Dated: 2011 Signature_________________________________ NOTES: 1 Full name(s) and address(es) to be inserted in BLOCK CAPITALS. The name of all joint holders should be stated.

2 If you wish to appoint a person other than the Chairman of the Meeting as your proxy please delete the words "the Chairman of the Meeting" and print the name and address of the person you wish to appoint in the space provided.

3 Please indicate with a "X" in the appropriate space beside the resolution how you wish your proxy to vote on your behalf on a

poll.

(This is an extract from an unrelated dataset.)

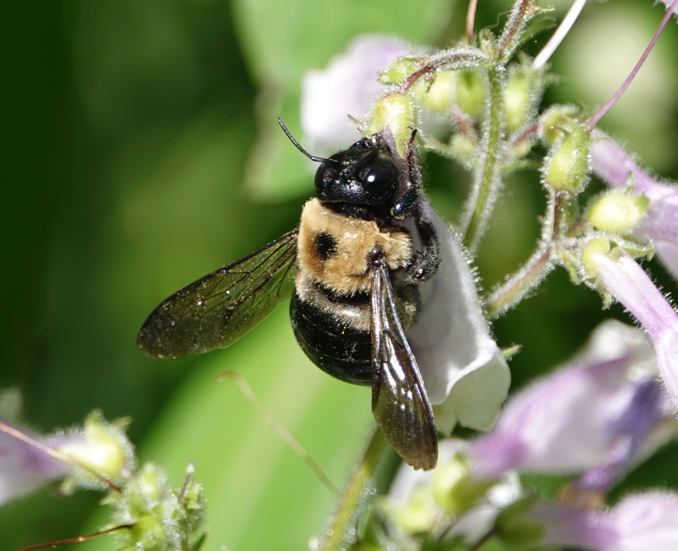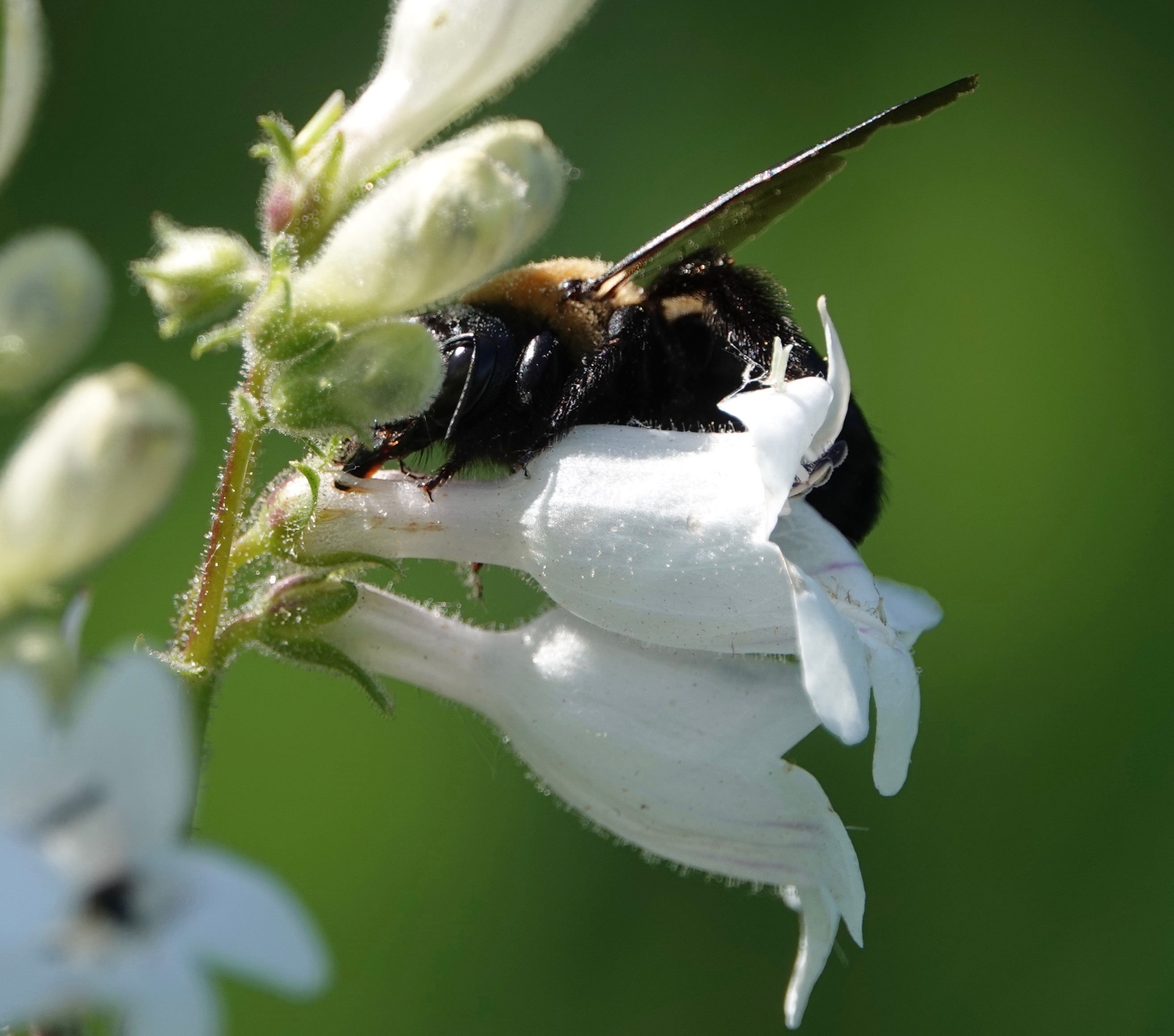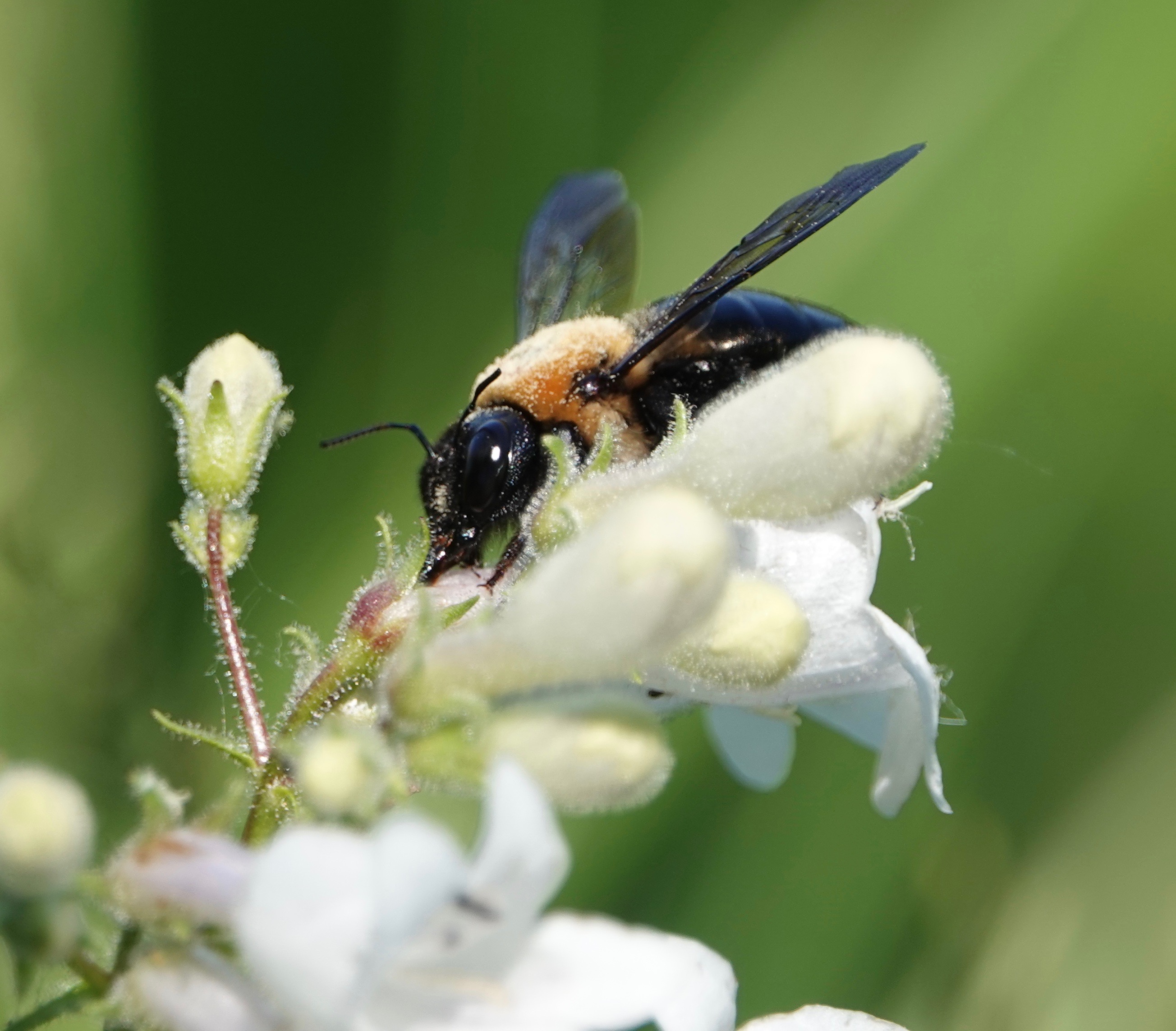 Bee species can be divided up by tongue-size. The Eastern Carpenter Bee, pictured here, is one of our largest bees. But it doesn’t have a big tongue to go with that body size.

Except as otherwise instructed, your proxy will exercise his discretion as to how he votes or whether he abstains from voting.

4 This form of proxy must be signed by the member or his attorney duly authorised in writing, or if the appointer is a corporation the form of proxy must be executed under the hand of an officer of the corporation duly authorised on their behalf.

5 A member entitled to attend and vote is entitled to appoint one or more parties to attend and, on a poll, to vote instead of him. A proxy need not also be a member. In the case of joint holders, if more than one such joint holder is present, only the person whose name stands first in the Register of Members in respect of the relevant joint holding will be entitled to vote, whether in person or by proxy

6 This form of proxy should be completed and lodged at the Company's registered office C/o Galileo Fund Services Limited, Millennium House, 46 Athol Street, Douglas, Isle of Man IM1 1JB, British Isles (Attn: Ian Dungate) Fax: 44 1624 692601 no later than forty-eight hours before the date appointed for holding the meeting together with the power of attorney or other authority (if any) under which it is signed, or a notarially certified copy of such power or authority.